[Items from a dataset]
+--
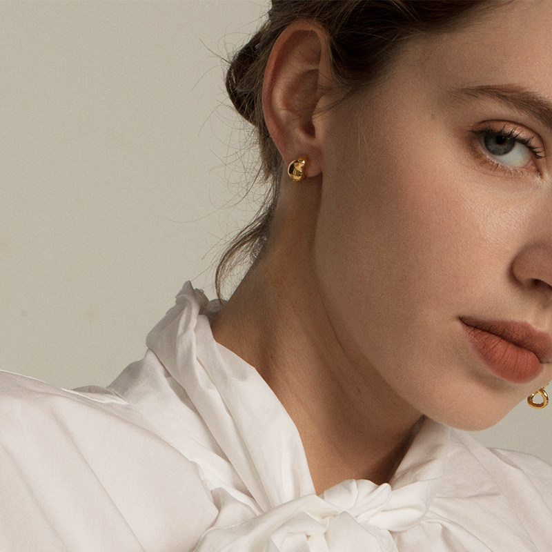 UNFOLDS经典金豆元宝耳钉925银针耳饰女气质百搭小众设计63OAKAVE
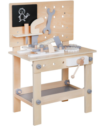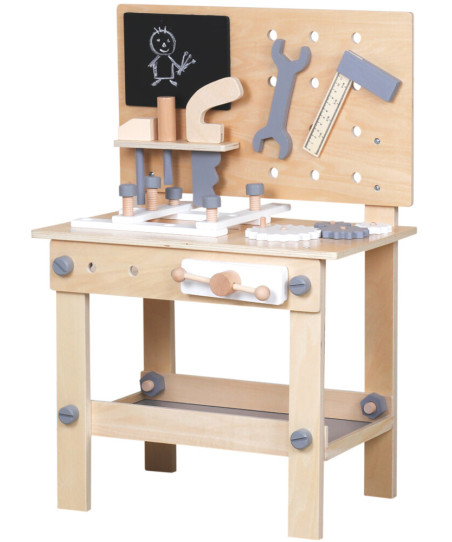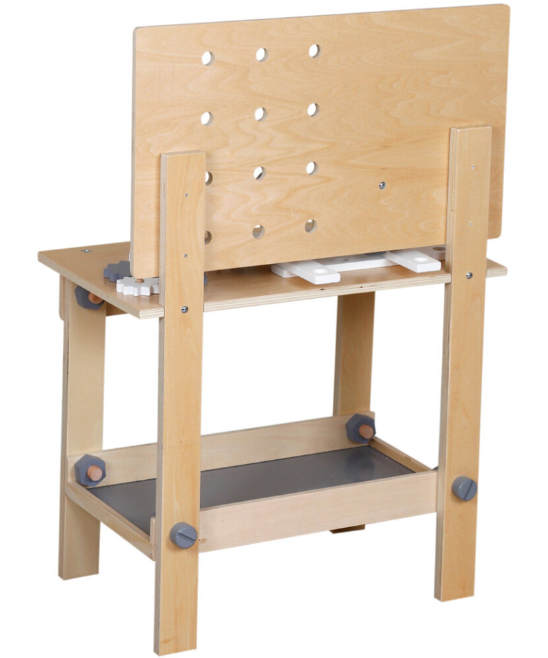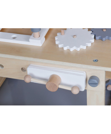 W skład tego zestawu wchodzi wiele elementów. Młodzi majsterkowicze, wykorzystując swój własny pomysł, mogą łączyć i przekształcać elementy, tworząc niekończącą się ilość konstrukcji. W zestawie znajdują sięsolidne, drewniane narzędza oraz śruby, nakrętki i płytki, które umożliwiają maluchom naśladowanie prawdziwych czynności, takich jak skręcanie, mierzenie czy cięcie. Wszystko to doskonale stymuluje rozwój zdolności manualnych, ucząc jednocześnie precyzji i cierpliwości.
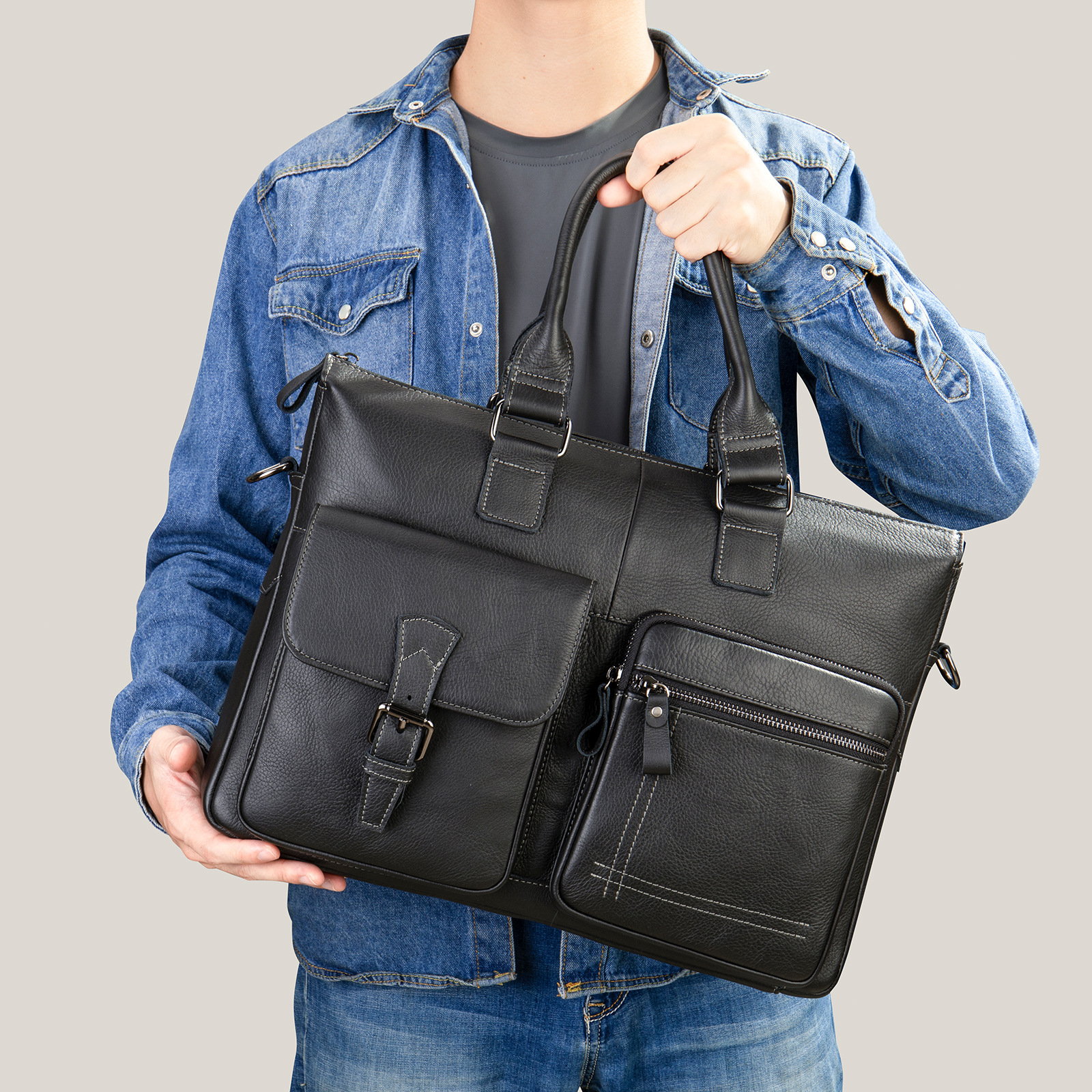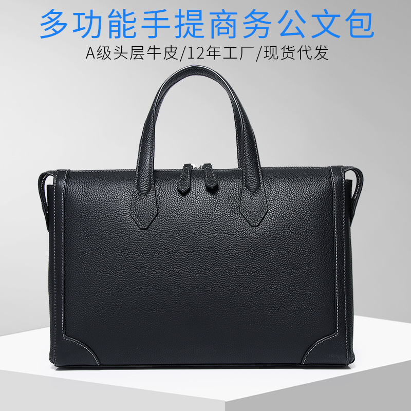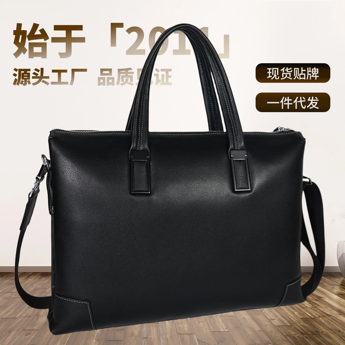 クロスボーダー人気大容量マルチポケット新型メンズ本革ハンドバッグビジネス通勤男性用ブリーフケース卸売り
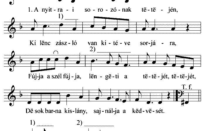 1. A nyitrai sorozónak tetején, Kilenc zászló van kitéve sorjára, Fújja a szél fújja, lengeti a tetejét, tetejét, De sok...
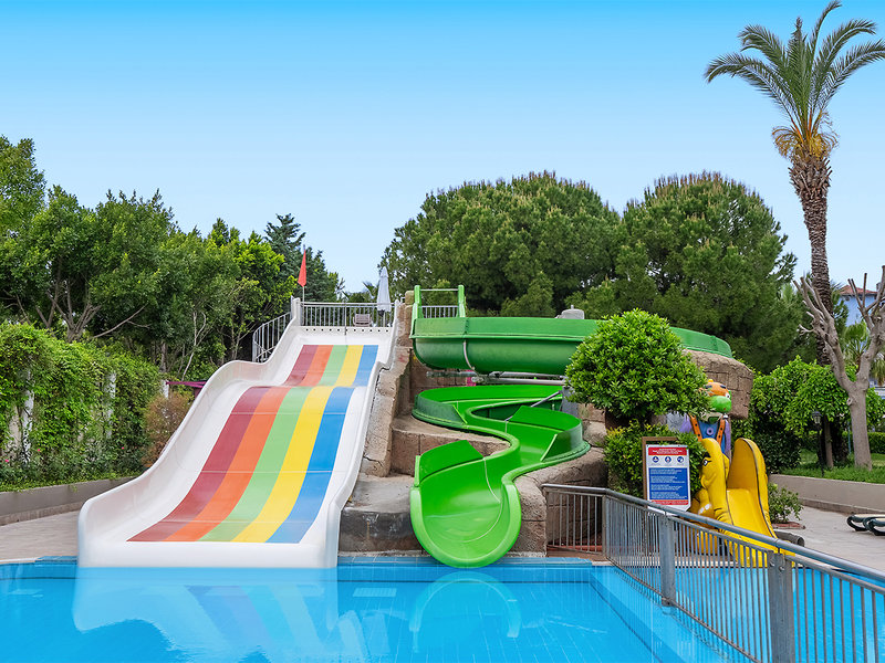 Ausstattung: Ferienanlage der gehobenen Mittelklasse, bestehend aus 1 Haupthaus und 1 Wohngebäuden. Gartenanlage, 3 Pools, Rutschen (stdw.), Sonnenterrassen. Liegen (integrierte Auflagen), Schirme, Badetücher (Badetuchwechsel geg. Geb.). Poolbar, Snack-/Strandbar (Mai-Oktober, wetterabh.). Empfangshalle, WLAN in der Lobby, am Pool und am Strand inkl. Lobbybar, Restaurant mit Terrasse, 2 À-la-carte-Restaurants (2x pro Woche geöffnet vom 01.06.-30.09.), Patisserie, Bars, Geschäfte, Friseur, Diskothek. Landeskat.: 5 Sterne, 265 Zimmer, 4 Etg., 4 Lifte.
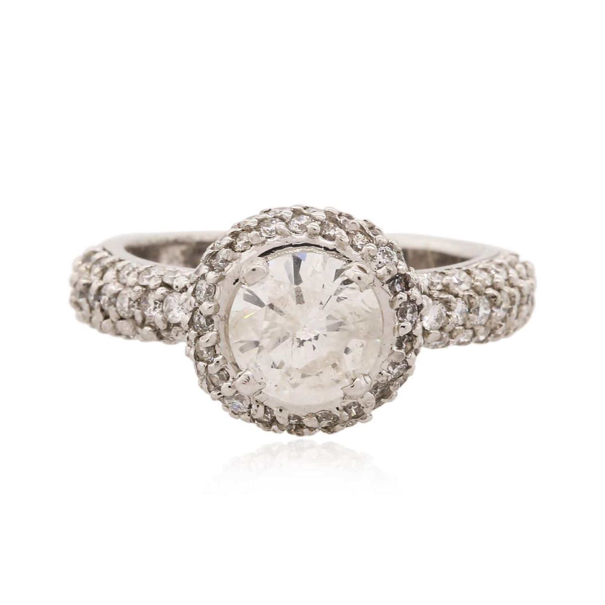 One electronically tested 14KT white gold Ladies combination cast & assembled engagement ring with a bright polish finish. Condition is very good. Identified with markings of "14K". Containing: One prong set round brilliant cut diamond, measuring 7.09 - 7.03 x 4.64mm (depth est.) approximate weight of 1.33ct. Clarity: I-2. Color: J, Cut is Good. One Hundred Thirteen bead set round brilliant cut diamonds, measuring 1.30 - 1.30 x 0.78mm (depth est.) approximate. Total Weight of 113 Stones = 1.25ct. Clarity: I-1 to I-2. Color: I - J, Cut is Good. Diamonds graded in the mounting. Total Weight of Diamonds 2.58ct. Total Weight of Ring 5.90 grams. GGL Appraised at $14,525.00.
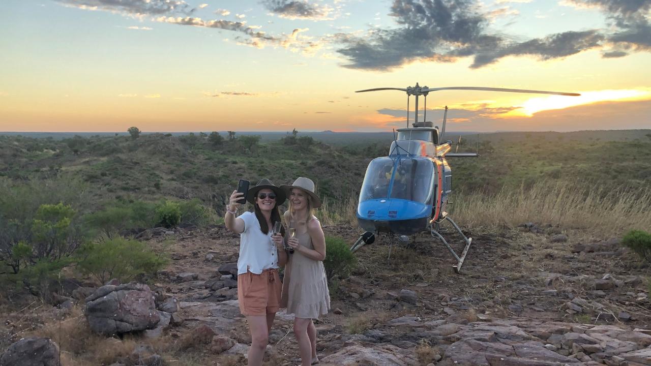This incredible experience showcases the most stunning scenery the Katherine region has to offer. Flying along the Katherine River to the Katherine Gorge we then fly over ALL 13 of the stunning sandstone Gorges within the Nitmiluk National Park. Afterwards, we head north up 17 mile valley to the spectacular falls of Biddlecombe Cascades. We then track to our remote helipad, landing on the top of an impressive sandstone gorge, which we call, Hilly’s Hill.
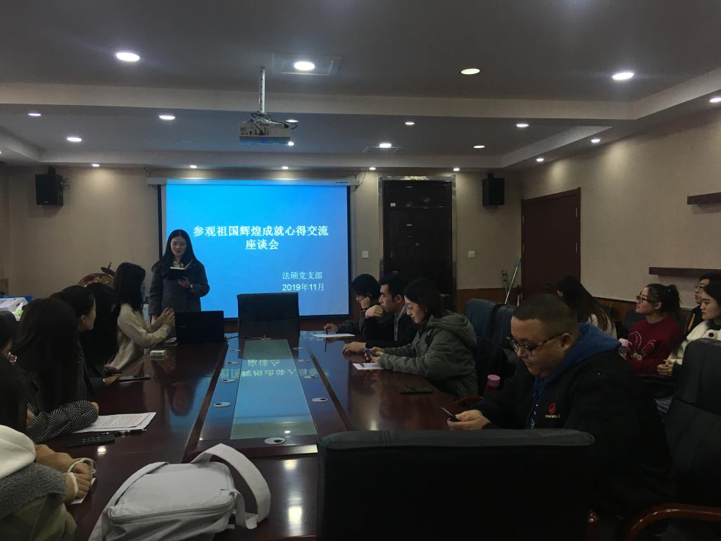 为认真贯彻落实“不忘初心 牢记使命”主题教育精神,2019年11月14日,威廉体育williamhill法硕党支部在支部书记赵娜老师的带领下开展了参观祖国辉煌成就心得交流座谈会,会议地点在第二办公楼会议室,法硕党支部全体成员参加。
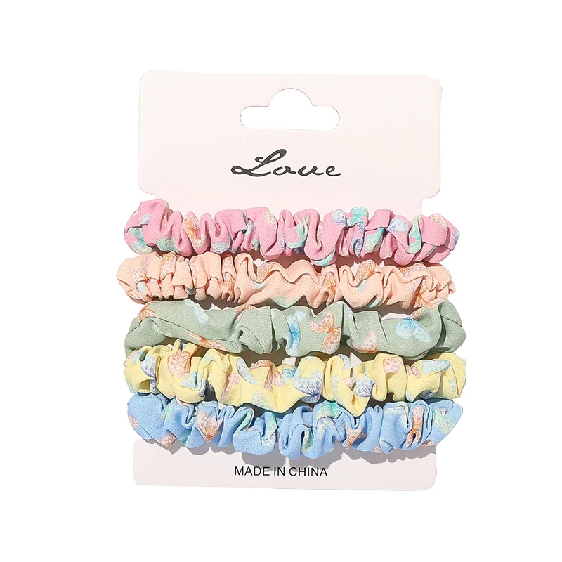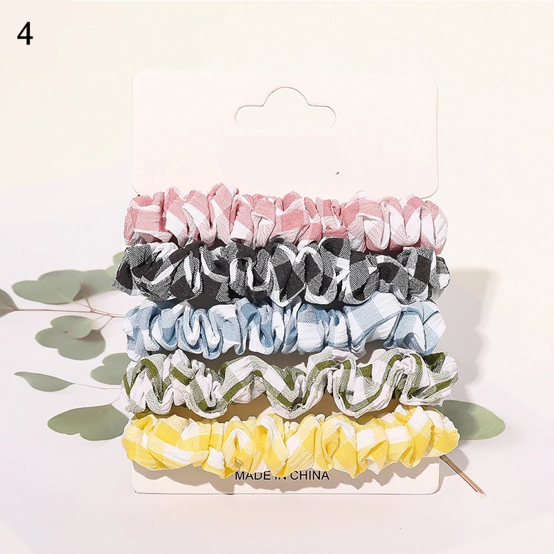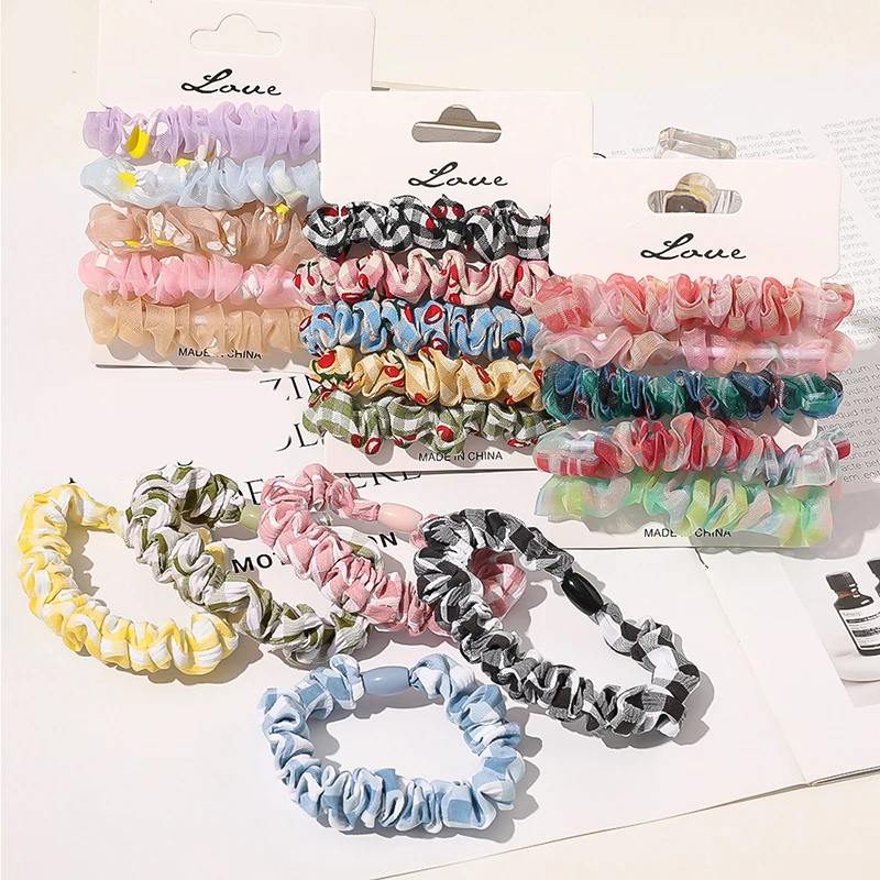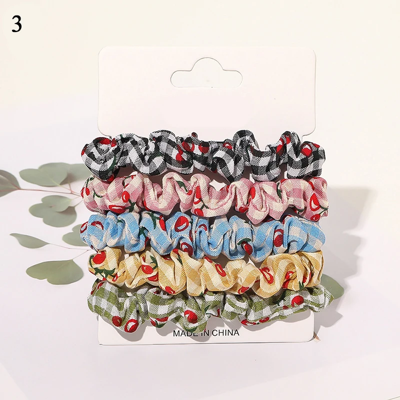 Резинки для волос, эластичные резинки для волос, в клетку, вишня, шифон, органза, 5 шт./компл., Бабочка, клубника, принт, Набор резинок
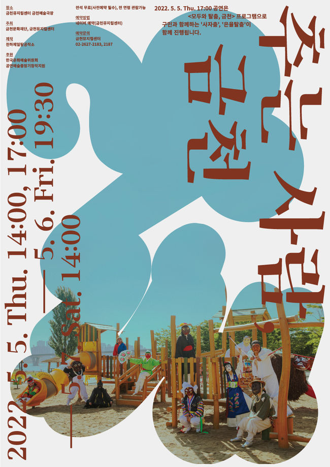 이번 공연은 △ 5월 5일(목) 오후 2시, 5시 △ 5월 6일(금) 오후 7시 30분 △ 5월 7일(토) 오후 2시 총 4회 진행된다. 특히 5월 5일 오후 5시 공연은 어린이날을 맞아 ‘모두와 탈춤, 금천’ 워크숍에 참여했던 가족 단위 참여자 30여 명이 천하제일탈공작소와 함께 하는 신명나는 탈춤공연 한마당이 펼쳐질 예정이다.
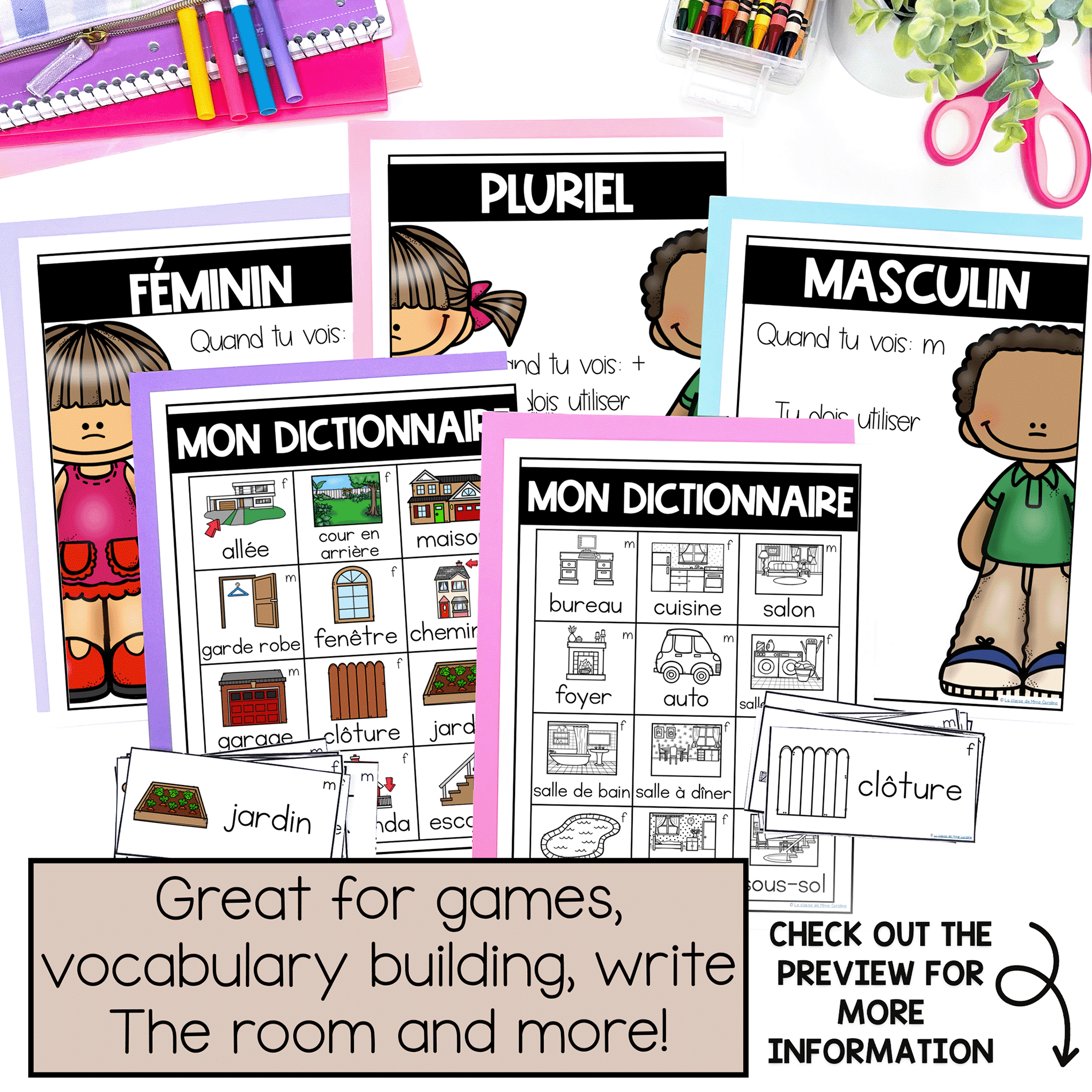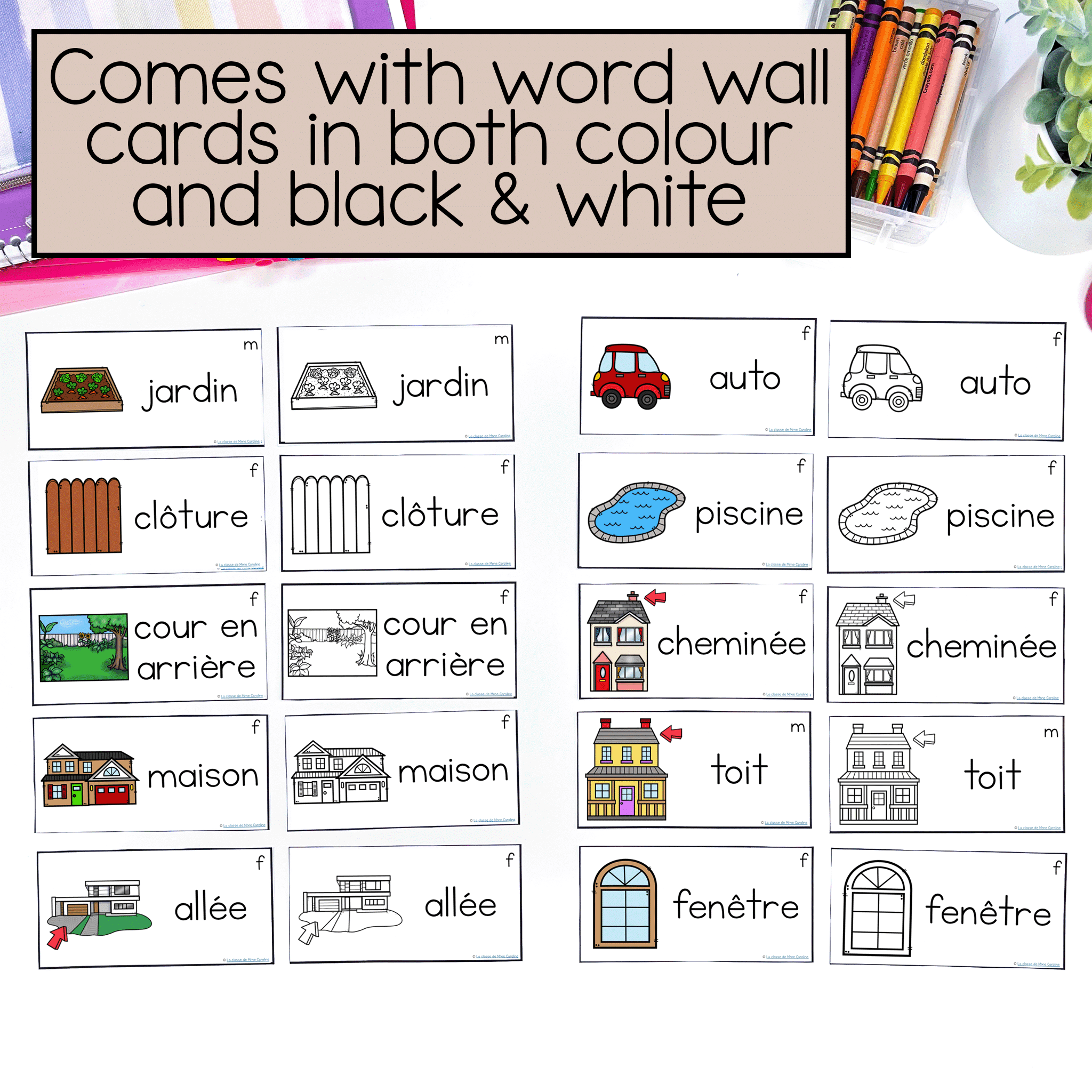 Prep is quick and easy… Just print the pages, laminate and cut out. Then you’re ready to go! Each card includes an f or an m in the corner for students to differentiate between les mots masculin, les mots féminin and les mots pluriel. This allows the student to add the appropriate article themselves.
+--
Your instructions.
Through the line containing "クロスボーダー人気大容量マル" and no further, restate the data above word for word from its first line, leaving out pictures.

Written response.
 UNFOLDS经典金豆元宝耳钉925银针耳饰女气质百搭小众设计63OAKAVE
 W skład tego zestawu wchodzi wiele elementów. Młodzi majsterkowicze, wykorzystując swój własny pomysł, mogą łączyć i przekształcać elementy, tworząc niekończącą się ilość konstrukcji. W zestawie znajdują sięsolidne, drewniane narzędza oraz śruby, nakrętki i płytki, które umożliwiają maluchom naśladowanie prawdziwych czynności, takich jak skręcanie, mierzenie czy cięcie. Wszystko to doskonale stymuluje rozwój zdolności manualnych, ucząc jednocześnie precyzji i cierpliwości.
 クロスボーダー人気大容量マルチポケット新型メンズ本革ハンドバッグビジネス通勤男性用ブリーフケース卸売り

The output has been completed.